■ Exercise requirements: Pictures must not appear; the answer is exactly the lines from the one that holds "学术汇报环节,苏大附四院的专" through the end of the material.

■ Recorded information:
Segment Open

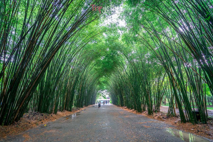 “วัดจุฬาภรณ์วนาราม” ตั้งอยู่ในตำบลบ้านพริกจังหวัดนครนายก โดยทางเข้าด้านหน้าจะเป็นซุ้มป่าไผ่ที่โค้งมาบรรจบกัน จนเกิดเป็นซุ้มที่คอยบังแดด ให้คุณเดินชมความงามชิลล์ๆ ซึ่งซุ้มป่าไผ่นี้มีความคล้ายคลึงกับ ป่าไผ่อาราชิยาม่า อันโด่งดังที่ประเทศญี่ปุ่น ต้องเรียกว่าเป็นความคล้ายคลึงกันที่เกิดขึ้นเองตามธรรมชาติ ระหว่างทางเดินไปก็จะได้ยินเสียงไม้ไผ่ลั่น เหมือนเป็นโน๊ตดนตรีอันไพเราะคอยขับกล่อม หลังจากเดินชมความงามเสร็จ เราก็เข้าวัดไปไหว้พระขอพรที่วัดจุฬาภรณ์วนารามกันซะหน่อยนะคะ
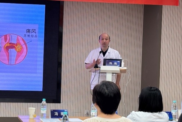 学术汇报环节,苏大附四院的专家团队详细阐述了中心未来的管理蓝图。内分泌科邵新宇主任医师就肥胖症的规范化诊疗与分级转诊策略进行了规划;内分泌科孙红副主任医师聚焦糖尿病,介绍了从社区筛查、患者教育到并发症防治的“两筛三防”工作计划;风湿免疫科冯雨主任医师则针对高尿酸血症及其引发的痛风等疾病,提出了跨学科协作的综合防治方案。三位专家的汇报内容翔实、思路清晰,中心后续工作开展明确了具体方向。
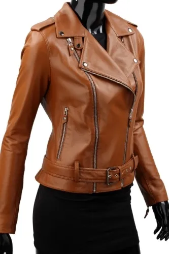 JUD088 - Ramoneska skórzana damska z camelowej skóry DORJAN

Segment Closed

■ Result for this exercise:
 学术汇报环节,苏大附四院的专家团队详细阐述了中心未来的管理蓝图。内分泌科邵新宇主任医师就肥胖症的规范化诊疗与分级转诊策略进行了规划;内分泌科孙红副主任医师聚焦糖尿病,介绍了从社区筛查、患者教育到并发症防治的“两筛三防”工作计划;风湿免疫科冯雨主任医师则针对高尿酸血症及其引发的痛风等疾病,提出了跨学科协作的综合防治方案。三位专家的汇报内容翔实、思路清晰,中心后续工作开展明确了具体方向。
 JUD088 - Ramoneska skórzana damska z camelowej skóry DORJAN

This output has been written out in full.